For decades, safety-critical software certification has meant one thing: C with MISRA C compliance. Commercial static analysis tooling. Manual audit overhead. Deviation records. Toolchain qualification work. That’s the cost of doing business.

That’s changing. In 2025 and 2026, Rust moved from evaluation into certified production. It’s now running in ICU patient monitoring software certified to IEC 62304 Class B and in industrial mobile robotics certified to IEC 61508 SIL 2. Not research projects. Production systems.

The Ferrocene safety-qualified Rust compiler toolchain is now qualified to IEC 62304 Class C, IEC 61508 SIL 3, and ISO 26262 ASIL D. The Ferrocene Language Specification (FLS) was donated to the Rust Project in March 2025 and is now maintained as an official language artefact — which closes the “Rust has no language spec” objection that has historically blocked regulated use.

This article covers Rust in safety-critical systems from a software procurement perspective. All standard references are explained in procurement language. For the regulatory momentum driving Rust adoption across enterprise software, the pillar article provides the strategic context.


What Do the Safety Standards Actually Require — and Why Has C Struggled to Meet Them?

Safety standards like IEC 61508 and IEC 62304 don’t prescribe a programming language. They prescribe development process rigour: deterministic behaviour, absence of undefined behaviour, traceable evidence of correctness.

C’s problem is structural. The language permits use-after-free, null pointer dereference, buffer overflow, and data races. Safety standards require you to prevent all of these — but C’s compiler won’t catch them.
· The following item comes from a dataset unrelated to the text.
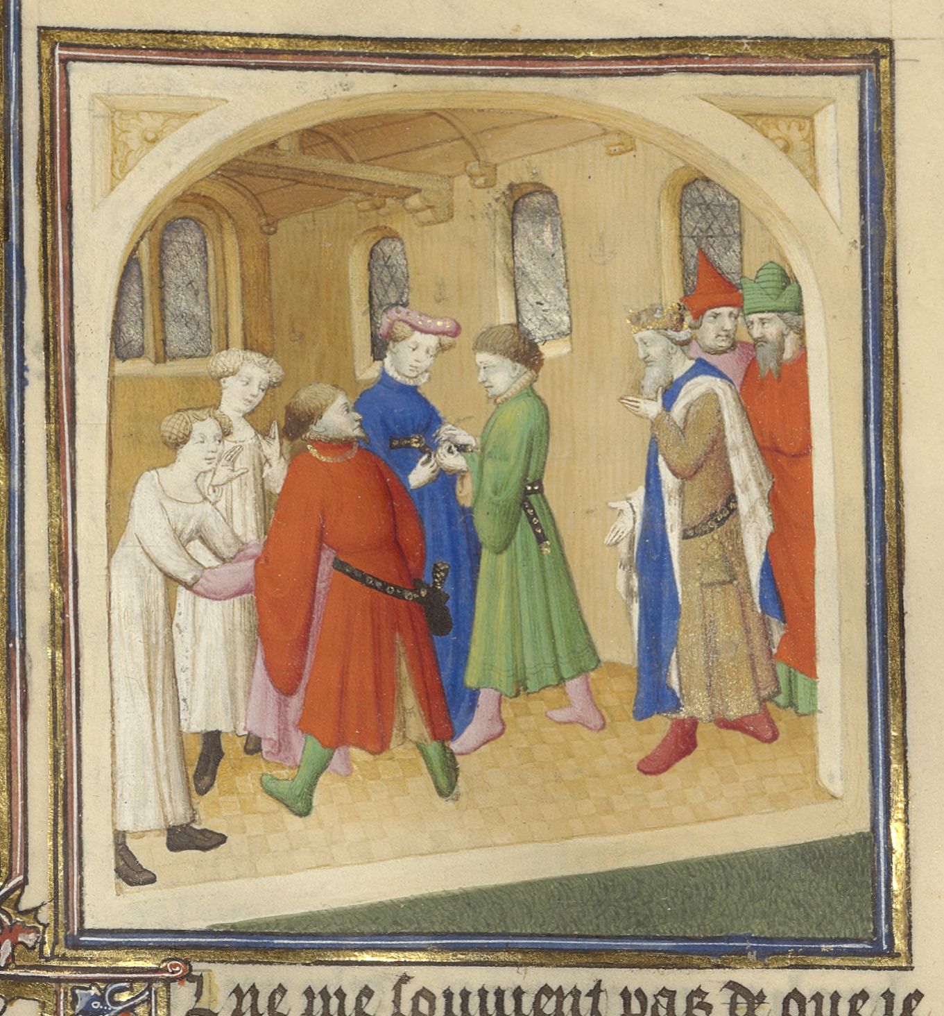 Parigi, Bibliothèque de l'Arsenal, 5193, f. 141v. Dionisio II, tiranno di Siracusa, fa rapire le mogli dei cittadini di Locri e le costringe a svestirsi.

Prevention has to happen through external process: static analysis tools, coding standards, manual review.

MISRA C is the industry’s long-running response. Enforcing its roughly 143 rules means licensing commercial static analysis tools — Polyspace, PC-lint Plus, CodeSonar, Parasoft C/C++test — running analysis on every build, managing deviation records for every exemption, and qualifying the analysis tool itself under the standard. It’s expensive and it’s slow.
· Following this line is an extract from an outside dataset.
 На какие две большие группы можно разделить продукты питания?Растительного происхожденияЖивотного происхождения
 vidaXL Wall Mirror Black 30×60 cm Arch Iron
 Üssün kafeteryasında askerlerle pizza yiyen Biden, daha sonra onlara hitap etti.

Rust’s structural advantage is that its ownership and borrow checker enforces memory safety at compile time. Use-after-free, null pointer dereferences, and data races are rejected by the compiler itself — not caught by a downstream tool.

Put it this way: for a C codebase with MISRA C tooling, your certification evidence says “we ran static analysis and fixed 847 rule violations.” For a Rust codebase, it says “the compiler rejected these entire error classes at build time.” That is a fundamentally stronger evidence base for a certification authority.
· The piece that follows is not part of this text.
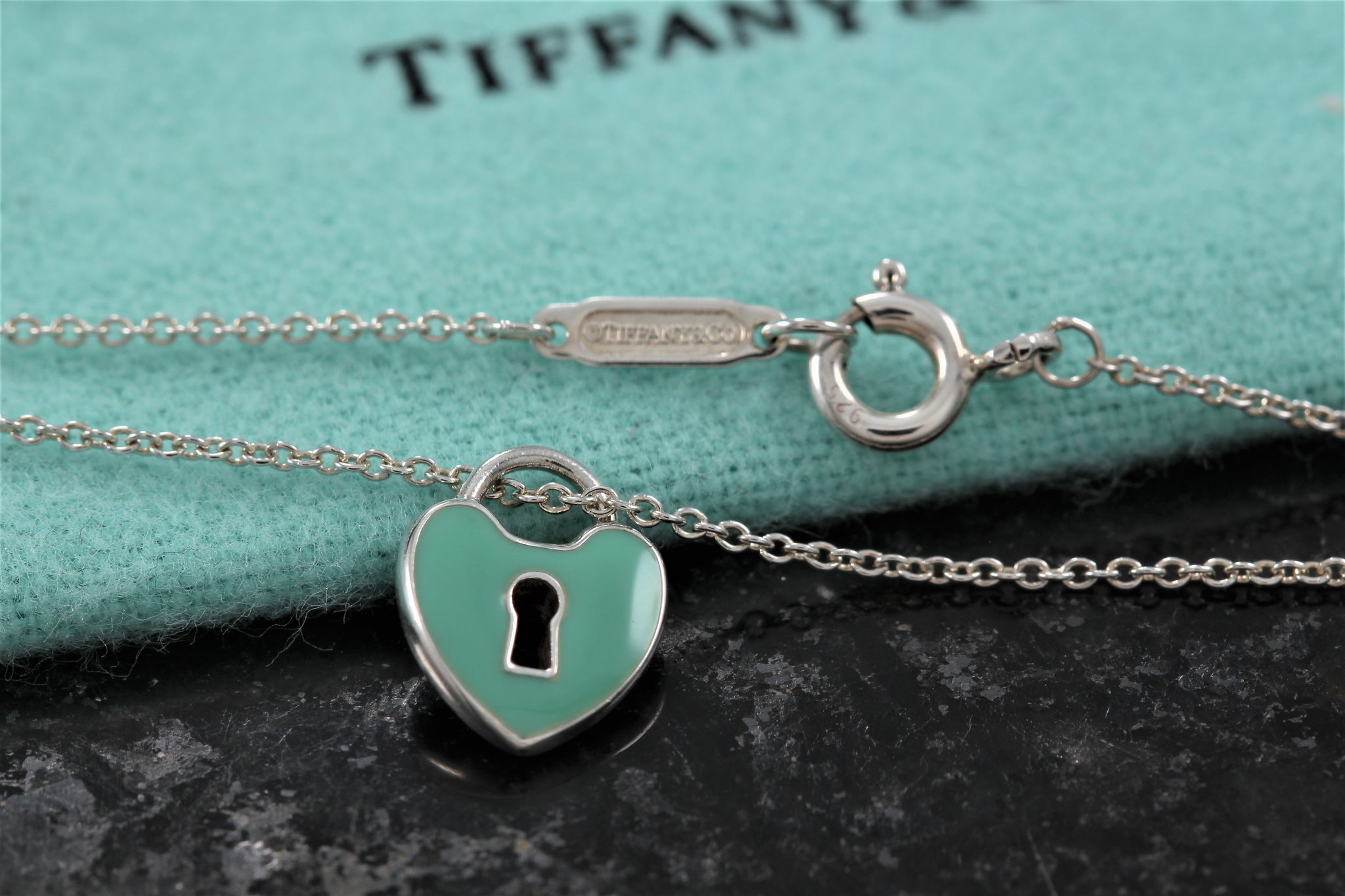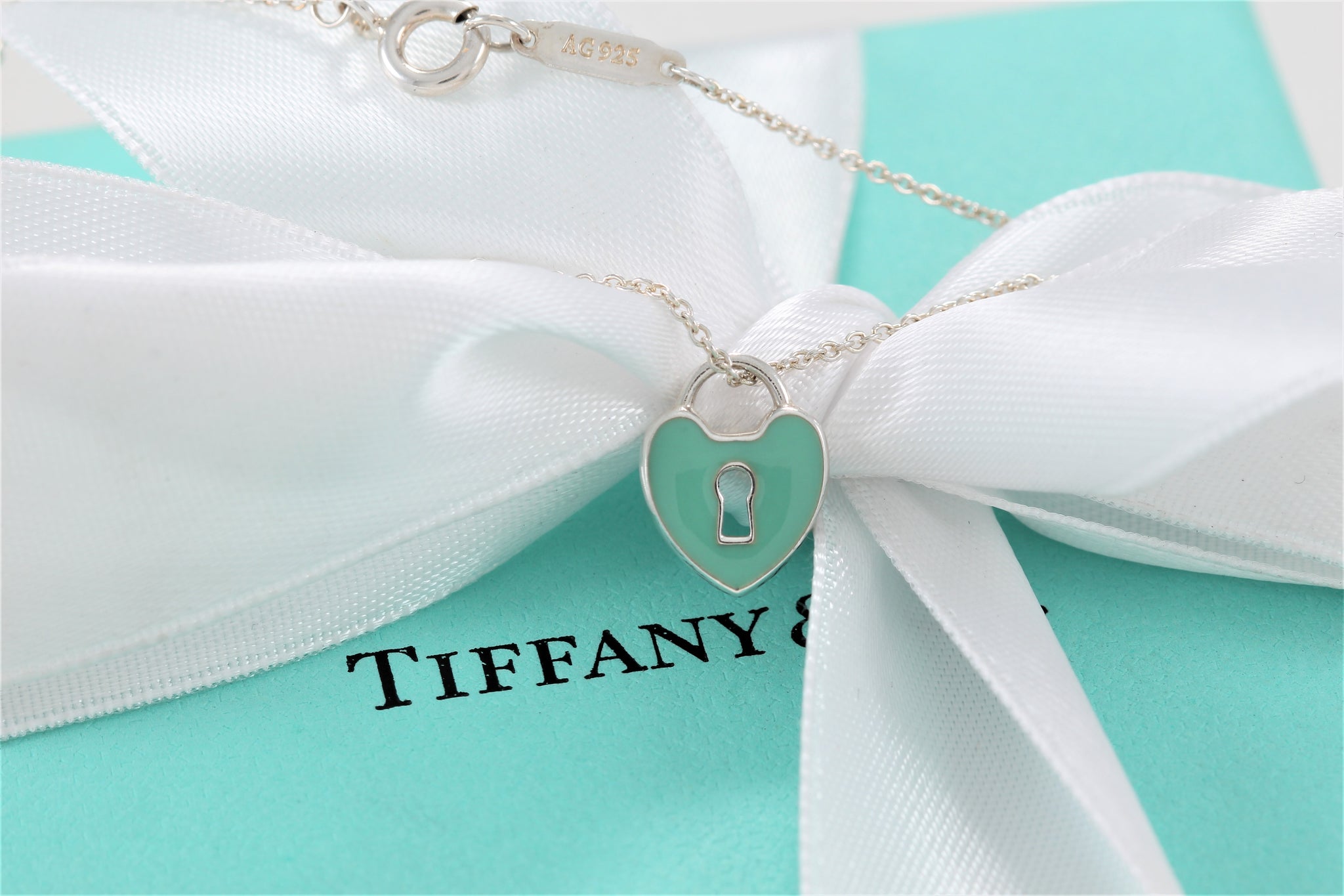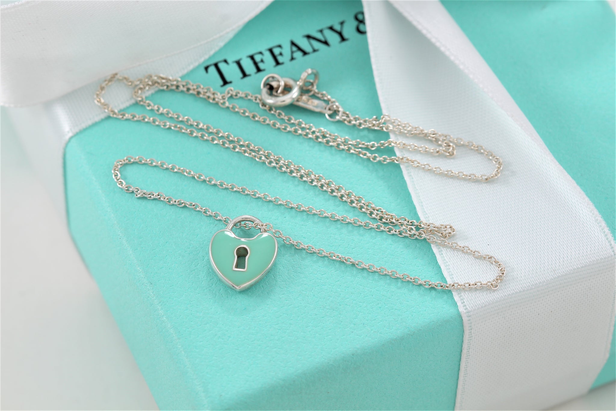Tiffany & Co. Silver Blue Enamel Mini Keyhole Heart Pendant Necklace

Is Rust Already Deployed in Production Safety-Critical Systems?

Yes — and this is the question most regulated software teams arrive with, because the answer hasn’t been clearly documented for a software procurement audience.

IEC 62304 Class B medical device deployment. One Rust developer at a medical device company put it plainly: “All of the product code that we deploy to end users and customers is currently in Rust. We do EEG analysis with our software and that’s being deployed to ICUs, intensive care units, and patient monitors.” Production software in intensive care units, under IEC 62304 Class B certification.

IEC 61508 SIL 2 industrial deployment. Sonair is using Ferrocene’s certified core subset to build ADAR — the world’s first safe 3D ultrasonic sensor for autonomous robots. The IEC 61508 SIL 2 certification is the production certification under which the system operates.

Ferrocene qualification milestones:

The Safety-Critical Rust Consortium, hosted by the Rust Foundation, coordinates the standards and tooling work behind these deployments. Members include Arm, Woven by Toyota, AdaCore, OxidOS, Synopsys, HighTec EDV-Systeme, TrustInSoft, and Veecle. That membership list signals deep industrial commitment — not hobbyist interest.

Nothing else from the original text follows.